An initial survey performed in the WFP1 on October 2013 confirmed the
presence of antibiotic resistant bacteria to four commonly used antibiotics
(chloramphenicol, ampicillin, amoxicillin and ciprofloxacin) in the source waters and
throughout the WFP to the point in which water was ready to be distributed to the public,
including the STS of the plant. These findings validate the importance of our work.
A Power Analysis, performed with the data from the pilot study indicated that 12
replicas are the minimum necessary to establish significant differences for the
presence/absence of ARBs in each plant. A value of 0.05 for a type I error (α) and 0.20
for a type II error (β) were chosen.
We are also interested in testing the effect of seasonality on the presence of ARB
and ARGs throughout the filtration system. In order to differentiate the dry months from
the wet months in both Canóvanas and Guaynabo counties we used the monthly rainfall
3
maps for Puerto Rico and the United States Virgin Islands for the last 30 years (1981-
2010 Normals) from the NOAA National Weather Service San Juan. From this
information we have concluded that January, February, March and June are dry months
and therefore the rest of the months are going to be consider wet months for both
counties.
Literature Review
In September of 2013, The United States Center for Disease Control and
Prevention (CDC) reported that over 2 million Americans fall ill, and 23,000 Americans
die from antibiotic resistant infections every year. The spread of antibiotic resistant
pathogens is a growing problem not only in the United States of America (USA) but
around the world (Pruden et al. 2006). The World Health Organization (WHO) has
labeled antibiotic resistance as one of the most critical challenges of the next century.
Antibiotic resistant bacteria (ARB) are constantly released into aquatic
environments through the disposal of human and animal wastes as a result of the
intensive use of antibiotics in the treatment of bacterial infections (Stoll et al. 2012 and
Schwartz et al. 2003). The concern of the scientific community has increased lately
because aquatic environments have been identified as sources of ARB and reservoirs of
ARGs (Macedo et al. 2006; Barker-Reid et al 2010; Stoll et al. 2012).

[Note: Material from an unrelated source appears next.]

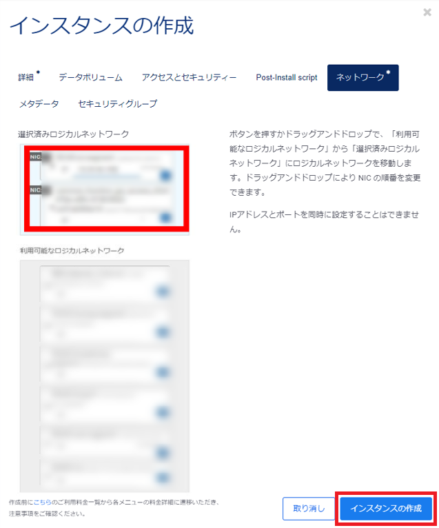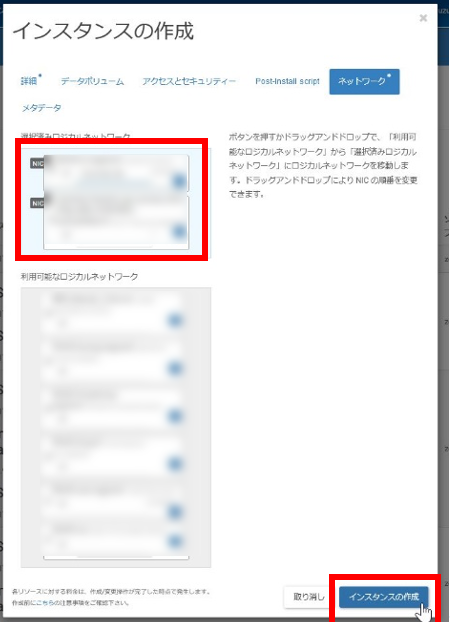 [ネットワーク]タブにて接続するネットワークとIPアドレスを入力後、[インスタンスの作成]をクリックします。
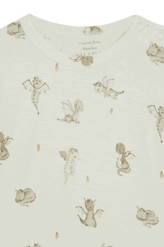 Langärmeliger Body aus weicher, dehnbarer Viskose aus Bambus mit einem Dinosaurier-Print. Es ist an der linken Schulter und zwischen den Beinen mit Knopfverschlüssen ausgestattet.

Microbial aquatic ecosystems, mainly those integrating the urban water cycle,
represent important vehicles of dissemination of human associated microorganism and a
source of transmission of antibiotic resistant bacteria (Farkas et al. 2013). Application of
antibiotics in humans, veterinary medicine, and agriculture for nearly sixty years have
exerted a major impact on bacterial communities, resulting in various levels of antibiotic
resistance, which is genetically controlled by ARGs (Zhang et al. 2009). ARGs are
recognized as emerging contaminants that move readily between ecological niches
using water as a vector (Barker-Reid et al 2010). Water constitutes not only a way of
4
dissemination of ARB, but also a route by which ARGs are introduced in natural bacterial
ecosystems (Baquero et al. 2008). ARGs are of greatest concern because they are
typically associated with mobile genetic elements, which enable them to be passed
between microorganisms via horizontal gene transfer (HGT), a phenomenon possible
even from dead to living cells by transformation (McKinney and Pruden 2012). HGT
enables the exchange of genetic material located on mobile elements (transposons,
integrons or plasmids) among related or unrelated bacterial species (Stoll et al. 2012). It
is important to highlight that human activities represent a selective pressure, increasing
the frequency of gene transfer and influencing bacterial evolution (Farkas et al. 2013).

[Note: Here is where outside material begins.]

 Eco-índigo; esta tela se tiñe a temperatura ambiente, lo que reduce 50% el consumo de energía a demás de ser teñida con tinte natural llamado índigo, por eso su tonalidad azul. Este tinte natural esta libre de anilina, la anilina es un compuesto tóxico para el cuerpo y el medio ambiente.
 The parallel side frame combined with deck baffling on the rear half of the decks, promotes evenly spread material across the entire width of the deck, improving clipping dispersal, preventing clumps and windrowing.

Farkas et al. 2013 indicates that drinking water systems have a significant role in the
evolution of bacterial resistance since a dynamic exchange of individuals constantly
occurs between the attached and planktonic communities, and the way HGT generates
genetic diversity in bacterial populations.
Only in recent years has there been increased interest in the prevalence of ARGs
in water (Barker-Reid et al. 2010). ARGs have been detected in aquatic environments all
around the world such as municipal wastewater, surface water, agricultural runoff,
groundwater, drinking water and even tap water (Zhang et al. 2009; Xi et al. 2009; Dodd
2012). We have summarized published ARGs for tetracycline, aminoglycoside,
macrolide, chloramphenicol, vancomycin, sulphonamide, trimethoprim, β-Lactam and
penicillin by source at Table 1 in Appendix A.
Few reports have documented ARB and ARGs in finish drinking water and
drinking water distribution systems (Kim and Aga 2007). Armstrong et al. 1981
documented the occurrence of multiple antibiotic resistances (MAR) using standard plate
count (SPC) bacteria in potable drinking water. It was evident that the treatment of raw
water contributed to the enrichment of MAR members in the SPC population. SPC
bacteria from the finish drinking water of the treatment facility were more frequently
5
antibiotic resistant that their respective source water populations, especially after
chlorination. Changes in the population of MAR SPC bacteria occurred when raw water
passed through a water treatment system and was reflected by changes in the diversity
of the predominant organisms constituting the MAR populations. Their results
demonstrated that the MAR bacteria were in dynamic state of fluctuation within the
distribution system.
ARGs in drinking water pose a potential threat to humans even when cells
carrying ARGs have been killed. DNA released to the environment has been observed to
persist, and be protected from DNAse activity, especially in the presence of particles of
certain soil/clay compositions. This free DNA can be eventually transformed into other
cells (Pruden et al. 2006).
Xi et al. 2009 found ARB and ARGs in all finished water and tap water tested in
Michigan and Ohio from several drinking water systems, although the amounts were
small. The size of the general population of bacteria followed the order: source water >
tap water > finished water, indicating that there was re-growth of bacteria in drinking
water distribution systems; elevated resistance to some antibiotics was observed during
water treatment and in tap water. The study showed greater quantities of most ARGs in
tap water than in finished and source waters. The increase of ARGs suggests that water
treatment could increase the antibiotic resistance of surviving bacteria and/or induce
transfer of ARGs among certain bacterial populations. The study suggest that water
distribution systems could serve as an incubator for growth of certain ARB populations
and as an important reservoir for the spread of antibiotic resistance to opportunistic
pathogens.. It is important to note that Schwartz et al. 2003 found the presence of ARG
in drinking water biofilms once the ARG source bacteria was eliminated indicating
possible gene transfer to autochthonous drinking water bacteria.
6
Most recently, Shi et al. 2013 investigated the chlorination effects on ARB and
ARGs in a drinking water treatment plant. They used biochemical identification, 16S
rRNA gene cloning and metagenomic analysis to study the ARB and ARGs. The
analysis indicated that ARB were predominantly classified as Proteobacteria. Chlorine
disinfection greatly affected microbial community structure where higher proportion of
the surviving bacteria was resistant to chloramphenicol, trimethoprim and cephalothin
after chlorination. This study revealed that sulI had the highest abundance among the
ARGs detected in the drinking water, followed by tetA and tetG. Chlorination caused
enrichment of ampC, aphA2, blaTEM-1, tetA, tetG, ermA and ermB, but sulI was
considerably removed. Also, metagenomic analysis in this study confirmed that
chlorination of drinking water could concentrate various ARGs, as well as plasmids,
insertion sequences, and integrons involved in horizontal transfer of the ARGs.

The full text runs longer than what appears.